── Exercise data
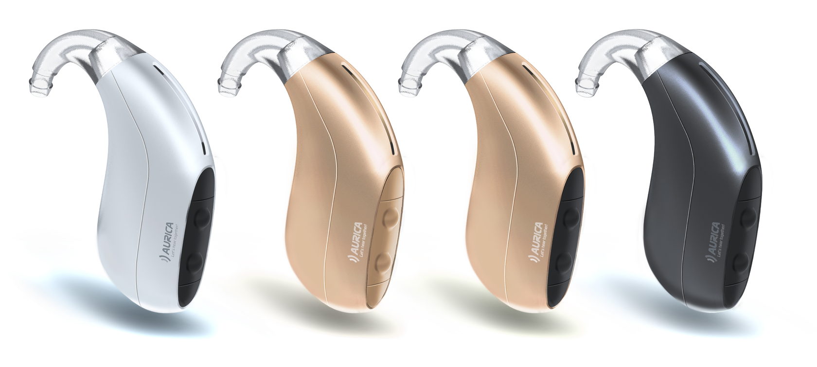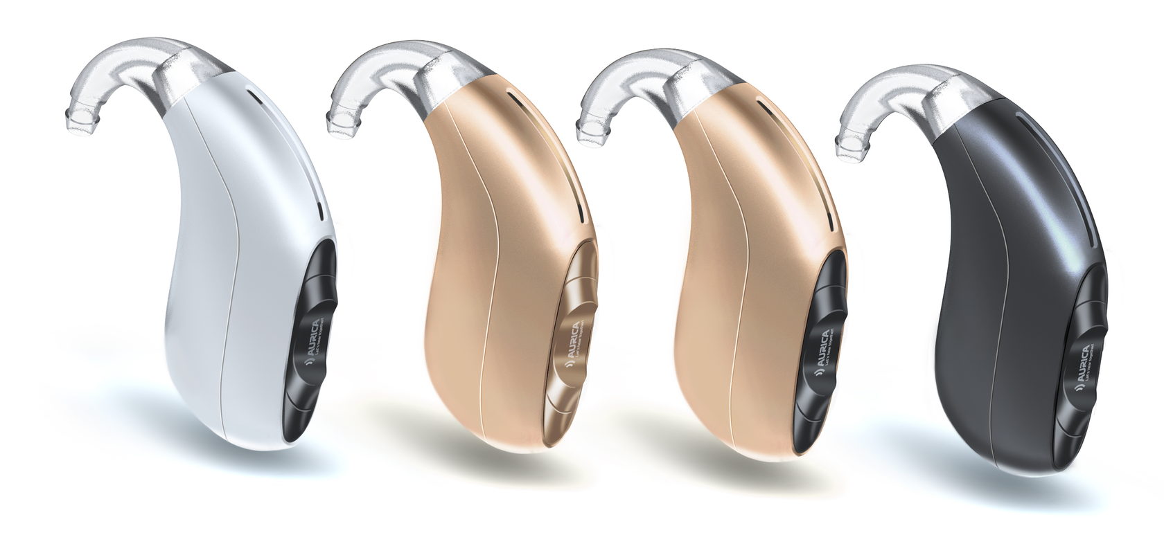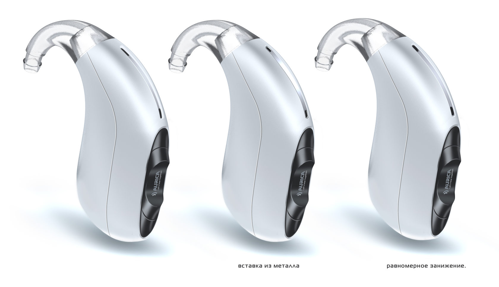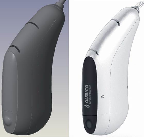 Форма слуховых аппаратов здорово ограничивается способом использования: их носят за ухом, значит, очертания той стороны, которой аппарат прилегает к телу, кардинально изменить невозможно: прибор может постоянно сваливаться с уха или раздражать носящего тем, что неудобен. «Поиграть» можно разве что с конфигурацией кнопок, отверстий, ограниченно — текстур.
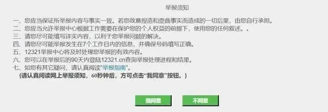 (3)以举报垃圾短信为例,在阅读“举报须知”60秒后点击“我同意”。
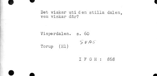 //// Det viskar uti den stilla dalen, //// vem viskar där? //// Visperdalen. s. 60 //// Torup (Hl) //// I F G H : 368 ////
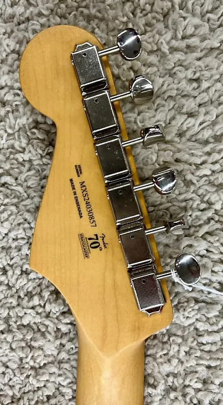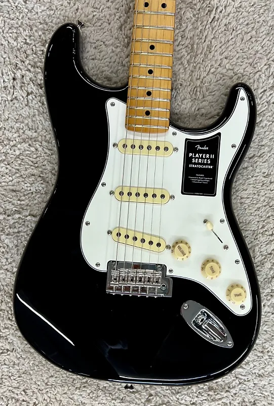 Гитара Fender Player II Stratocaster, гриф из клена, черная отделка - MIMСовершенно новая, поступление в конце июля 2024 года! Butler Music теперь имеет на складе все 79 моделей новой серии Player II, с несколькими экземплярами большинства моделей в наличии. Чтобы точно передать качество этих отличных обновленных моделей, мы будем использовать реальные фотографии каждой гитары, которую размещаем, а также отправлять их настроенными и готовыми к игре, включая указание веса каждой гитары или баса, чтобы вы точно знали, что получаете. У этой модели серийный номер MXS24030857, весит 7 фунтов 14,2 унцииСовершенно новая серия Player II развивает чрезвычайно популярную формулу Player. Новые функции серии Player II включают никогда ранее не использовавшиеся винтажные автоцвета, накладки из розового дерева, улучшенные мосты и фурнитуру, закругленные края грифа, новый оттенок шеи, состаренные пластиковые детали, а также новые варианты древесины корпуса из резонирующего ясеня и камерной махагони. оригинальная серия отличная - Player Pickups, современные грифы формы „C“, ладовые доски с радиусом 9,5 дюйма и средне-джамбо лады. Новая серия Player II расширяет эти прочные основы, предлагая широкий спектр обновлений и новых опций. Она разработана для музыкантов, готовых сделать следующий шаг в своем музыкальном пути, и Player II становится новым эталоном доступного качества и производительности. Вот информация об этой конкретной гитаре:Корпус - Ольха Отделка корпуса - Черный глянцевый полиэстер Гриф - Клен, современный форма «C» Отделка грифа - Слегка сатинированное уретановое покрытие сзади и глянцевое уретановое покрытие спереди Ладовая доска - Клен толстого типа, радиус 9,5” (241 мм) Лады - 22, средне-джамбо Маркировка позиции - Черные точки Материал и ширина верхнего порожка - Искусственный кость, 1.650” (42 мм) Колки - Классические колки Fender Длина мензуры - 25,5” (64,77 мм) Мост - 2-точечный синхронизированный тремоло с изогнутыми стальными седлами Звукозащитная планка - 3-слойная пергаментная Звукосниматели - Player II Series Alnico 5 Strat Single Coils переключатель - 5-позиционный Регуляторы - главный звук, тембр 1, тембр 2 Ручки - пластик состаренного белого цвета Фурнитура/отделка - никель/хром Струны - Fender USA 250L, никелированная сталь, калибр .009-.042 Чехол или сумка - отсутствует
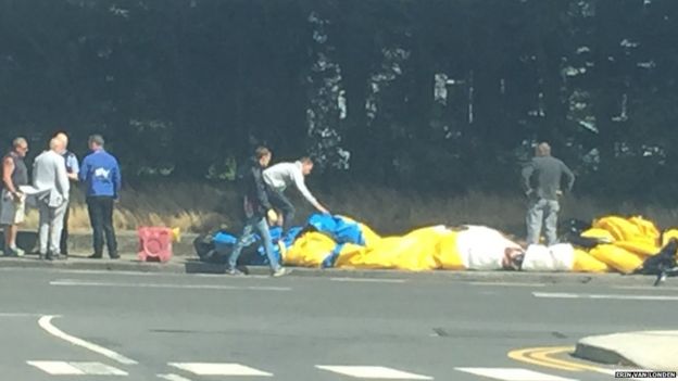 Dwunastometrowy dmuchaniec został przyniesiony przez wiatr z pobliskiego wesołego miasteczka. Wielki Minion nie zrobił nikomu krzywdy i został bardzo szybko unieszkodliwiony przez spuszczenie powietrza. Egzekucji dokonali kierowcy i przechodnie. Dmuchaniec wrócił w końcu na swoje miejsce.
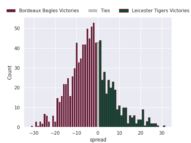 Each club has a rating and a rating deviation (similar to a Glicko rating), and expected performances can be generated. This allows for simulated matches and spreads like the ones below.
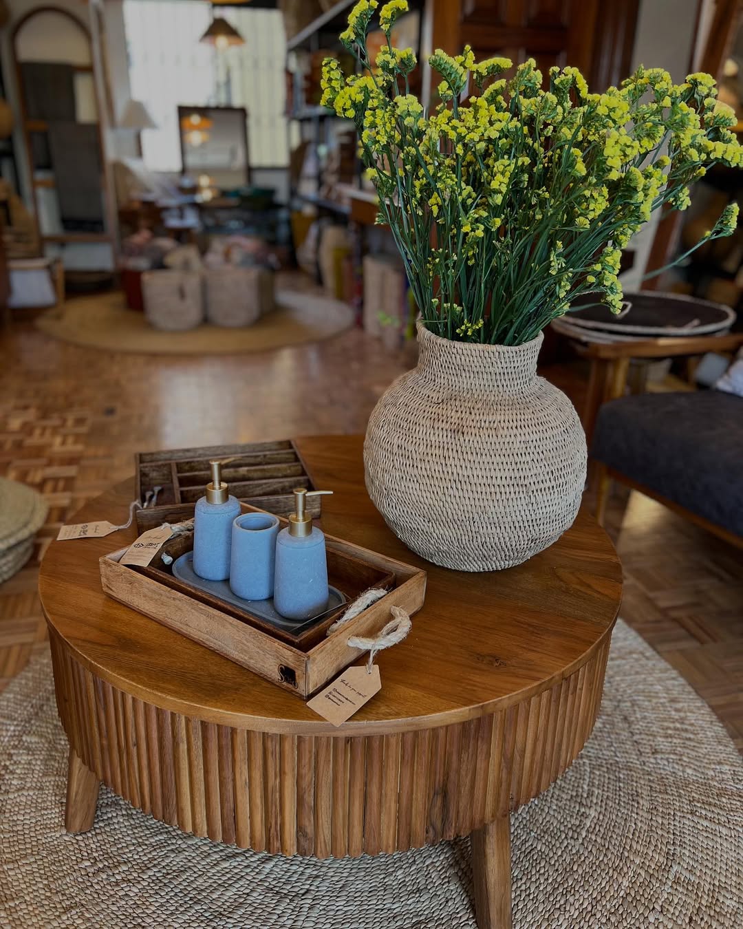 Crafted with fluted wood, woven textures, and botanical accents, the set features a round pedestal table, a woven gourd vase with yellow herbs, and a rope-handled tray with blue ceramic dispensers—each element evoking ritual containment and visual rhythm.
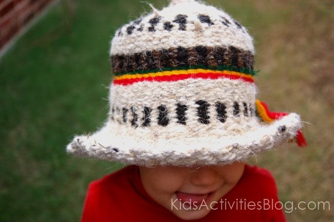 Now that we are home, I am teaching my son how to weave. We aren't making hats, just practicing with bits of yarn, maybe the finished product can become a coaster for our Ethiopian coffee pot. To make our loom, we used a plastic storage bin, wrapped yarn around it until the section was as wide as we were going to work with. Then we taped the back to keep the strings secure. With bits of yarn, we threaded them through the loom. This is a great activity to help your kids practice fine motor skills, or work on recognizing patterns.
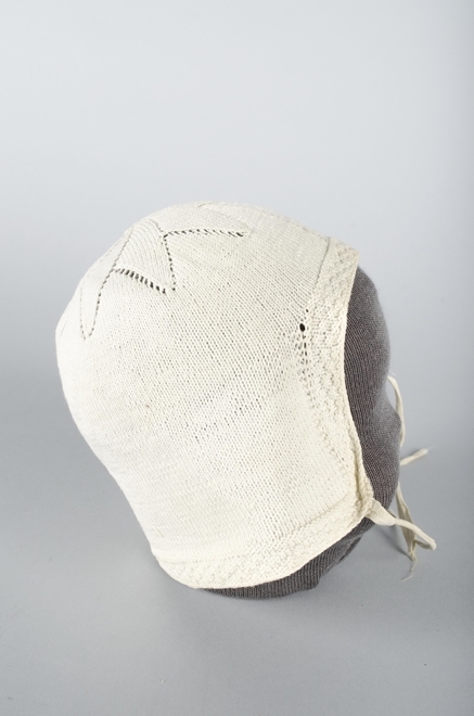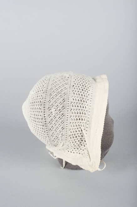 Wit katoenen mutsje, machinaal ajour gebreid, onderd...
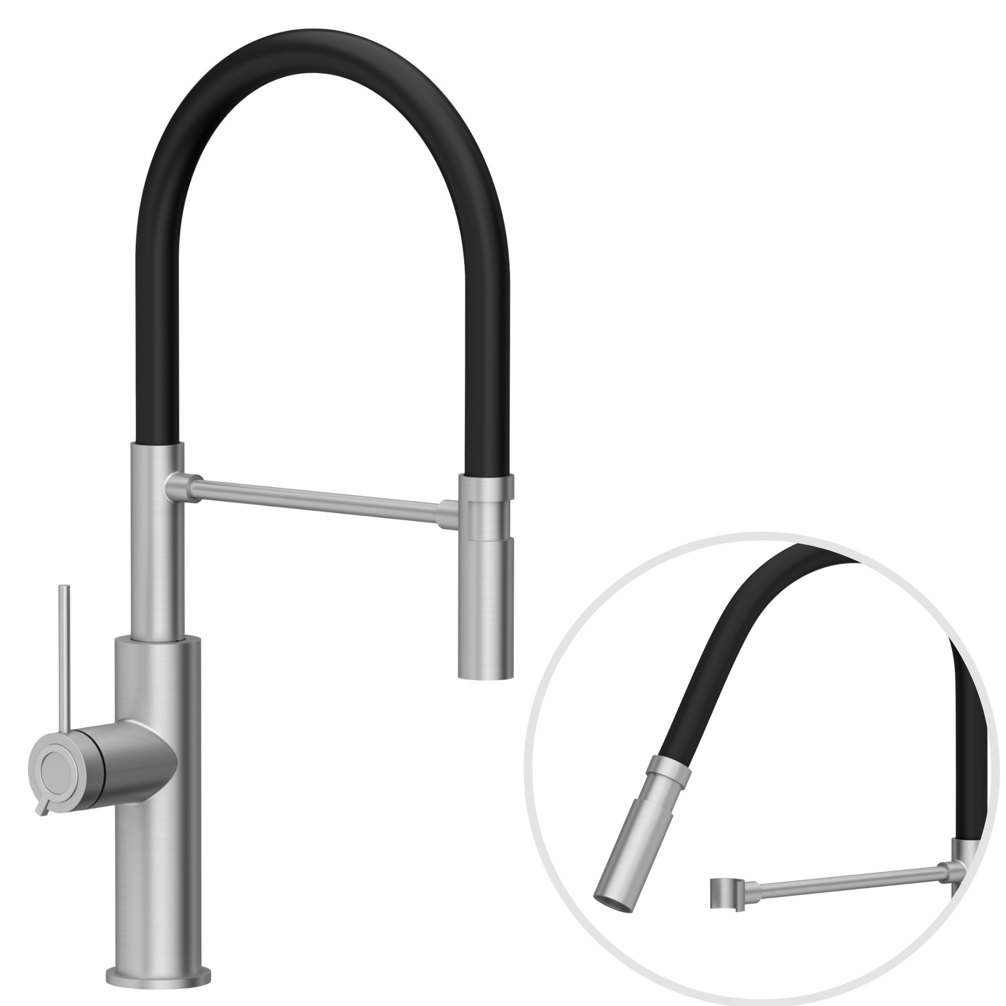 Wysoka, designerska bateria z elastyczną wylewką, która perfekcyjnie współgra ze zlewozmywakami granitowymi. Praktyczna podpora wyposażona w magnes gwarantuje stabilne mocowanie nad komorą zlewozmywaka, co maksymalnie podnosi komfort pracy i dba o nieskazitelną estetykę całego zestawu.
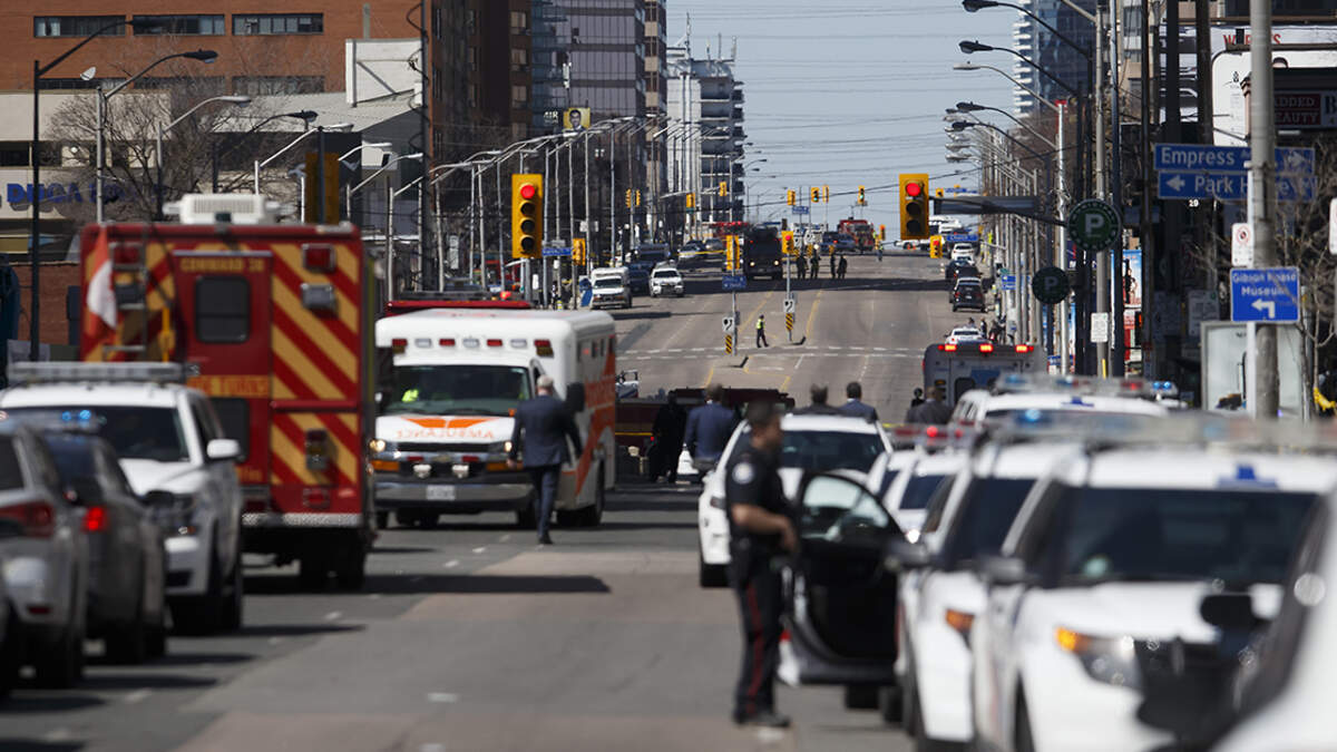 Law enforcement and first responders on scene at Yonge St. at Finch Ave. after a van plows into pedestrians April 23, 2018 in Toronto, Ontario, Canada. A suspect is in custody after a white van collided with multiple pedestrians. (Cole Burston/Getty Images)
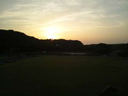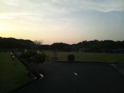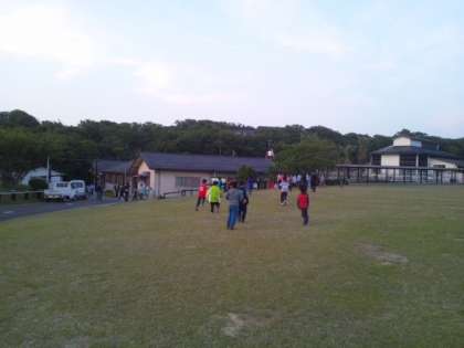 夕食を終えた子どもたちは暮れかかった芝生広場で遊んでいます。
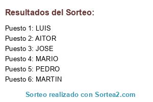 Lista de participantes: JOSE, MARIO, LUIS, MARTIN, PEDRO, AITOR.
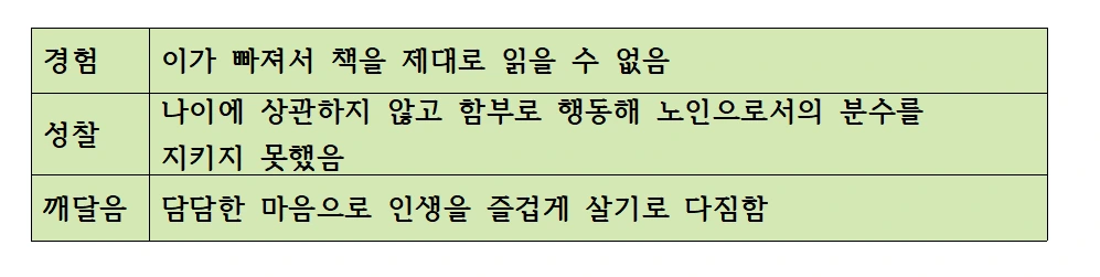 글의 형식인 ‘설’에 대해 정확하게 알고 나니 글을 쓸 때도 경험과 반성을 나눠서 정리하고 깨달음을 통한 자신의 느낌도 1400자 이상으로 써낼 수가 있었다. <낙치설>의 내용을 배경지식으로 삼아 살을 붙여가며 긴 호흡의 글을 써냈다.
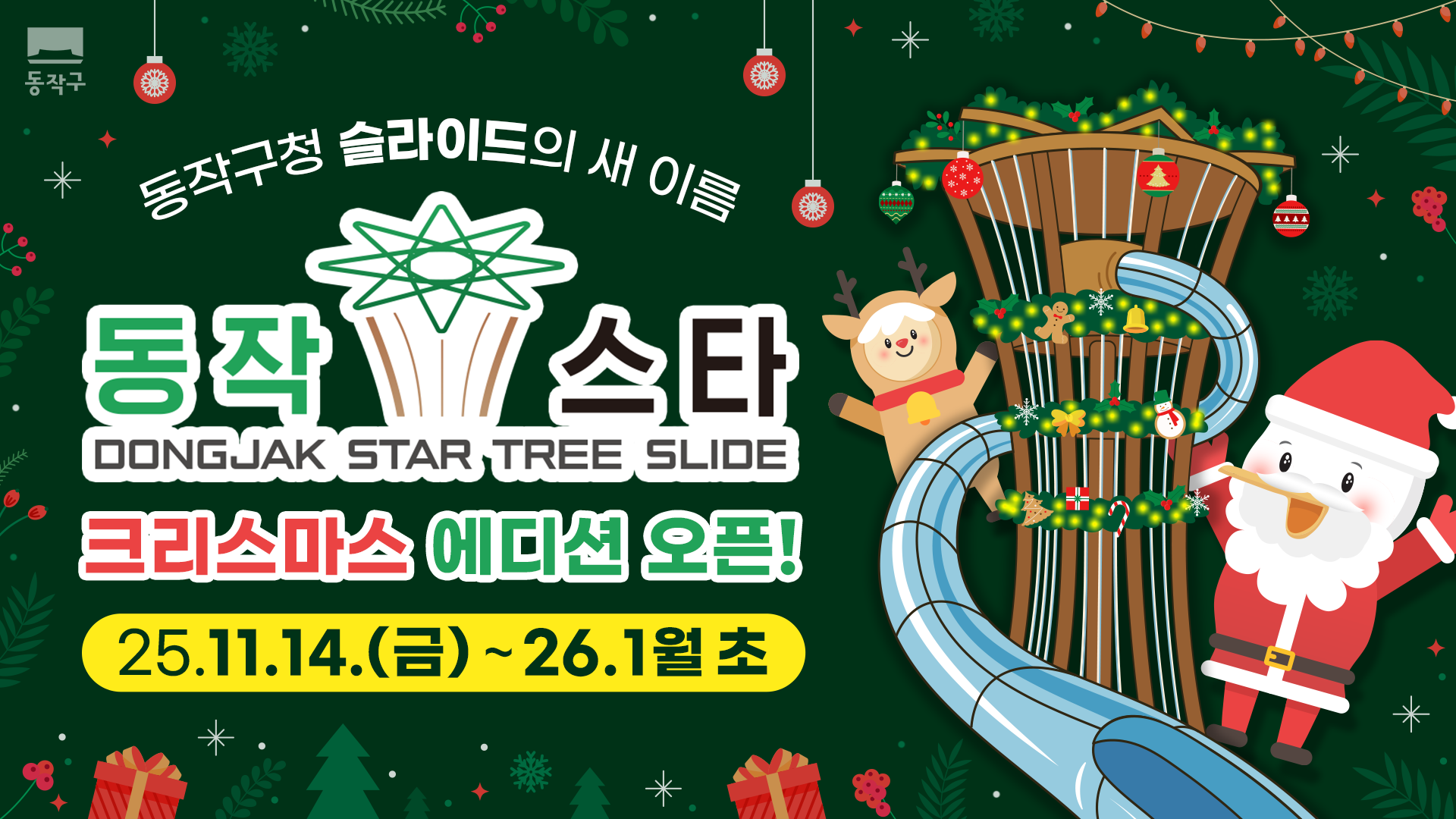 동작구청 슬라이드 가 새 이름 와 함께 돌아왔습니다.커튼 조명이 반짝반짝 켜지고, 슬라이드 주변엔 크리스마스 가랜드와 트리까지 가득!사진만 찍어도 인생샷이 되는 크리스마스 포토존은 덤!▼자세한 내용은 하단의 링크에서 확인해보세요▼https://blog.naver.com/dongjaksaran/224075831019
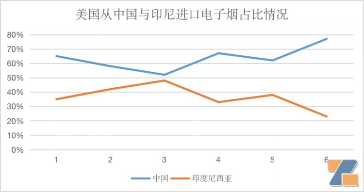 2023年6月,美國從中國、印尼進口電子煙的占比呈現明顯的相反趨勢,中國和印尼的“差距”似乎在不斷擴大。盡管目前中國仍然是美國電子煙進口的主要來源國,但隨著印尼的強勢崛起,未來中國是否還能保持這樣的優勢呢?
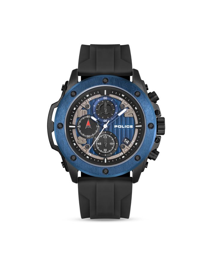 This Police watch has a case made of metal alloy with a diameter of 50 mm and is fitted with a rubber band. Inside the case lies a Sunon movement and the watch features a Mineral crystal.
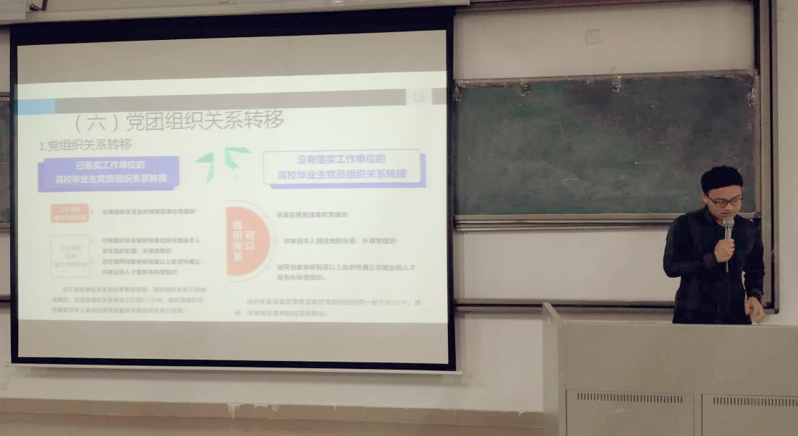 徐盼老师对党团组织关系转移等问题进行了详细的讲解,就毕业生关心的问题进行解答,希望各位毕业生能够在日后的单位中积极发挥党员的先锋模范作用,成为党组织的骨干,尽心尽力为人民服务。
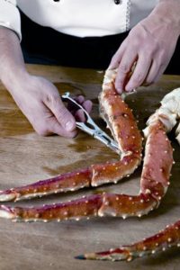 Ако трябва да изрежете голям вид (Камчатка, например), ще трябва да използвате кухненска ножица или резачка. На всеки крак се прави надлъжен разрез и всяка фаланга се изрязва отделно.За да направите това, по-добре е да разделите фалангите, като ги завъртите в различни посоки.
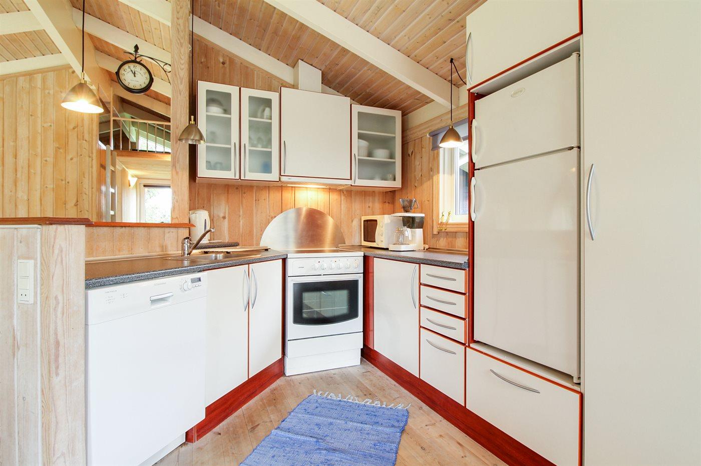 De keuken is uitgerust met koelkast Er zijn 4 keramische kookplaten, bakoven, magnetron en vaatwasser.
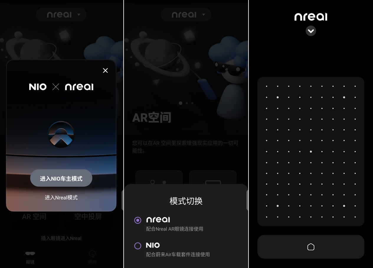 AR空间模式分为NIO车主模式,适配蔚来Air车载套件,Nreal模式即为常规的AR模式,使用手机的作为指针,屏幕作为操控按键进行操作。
────
What to produce:
Reproduce exactly, and only, the lines from the one containing "글의 형식인 ‘설’에" through the last line of the records above, both included, leaving out any pictures.

Exercise response:
 글의 형식인 ‘설’에 대해 정확하게 알고 나니 글을 쓸 때도 경험과 반성을 나눠서 정리하고 깨달음을 통한 자신의 느낌도 1400자 이상으로 써낼 수가 있었다. <낙치설>의 내용을 배경지식으로 삼아 살을 붙여가며 긴 호흡의 글을 써냈다.
 동작구청 슬라이드 가 새 이름 와 함께 돌아왔습니다.커튼 조명이 반짝반짝 켜지고, 슬라이드 주변엔 크리스마스 가랜드와 트리까지 가득!사진만 찍어도 인생샷이 되는 크리스마스 포토존은 덤!▼자세한 내용은 하단의 링크에서 확인해보세요▼https://blog.naver.com/dongjaksaran/224075831019
 2023年6月,美國從中國、印尼進口電子煙的占比呈現明顯的相反趨勢,中國和印尼的“差距”似乎在不斷擴大。盡管目前中國仍然是美國電子煙進口的主要來源國,但隨著印尼的強勢崛起,未來中國是否還能保持這樣的優勢呢?
 This Police watch has a case made of metal alloy with a diameter of 50 mm and is fitted with a rubber band. Inside the case lies a Sunon movement and the watch features a Mineral crystal.
 徐盼老师对党团组织关系转移等问题进行了详细的讲解,就毕业生关心的问题进行解答,希望各位毕业生能够在日后的单位中积极发挥党员的先锋模范作用,成为党组织的骨干,尽心尽力为人民服务。
 Ако трябва да изрежете голям вид (Камчатка, например), ще трябва да използвате кухненска ножица или резачка. На всеки крак се прави надлъжен разрез и всяка фаланга се изрязва отделно.За да направите това, по-добре е да разделите фалангите, като ги завъртите в различни посоки.
 De keuken is uitgerust met koelkast Er zijn 4 keramische kookplaten, bakoven, magnetron en vaatwasser.
 AR空间模式分为NIO车主模式,适配蔚来Air车载套件,Nreal模式即为常规的AR模式,使用手机的作为指针,屏幕作为操控按键进行操作。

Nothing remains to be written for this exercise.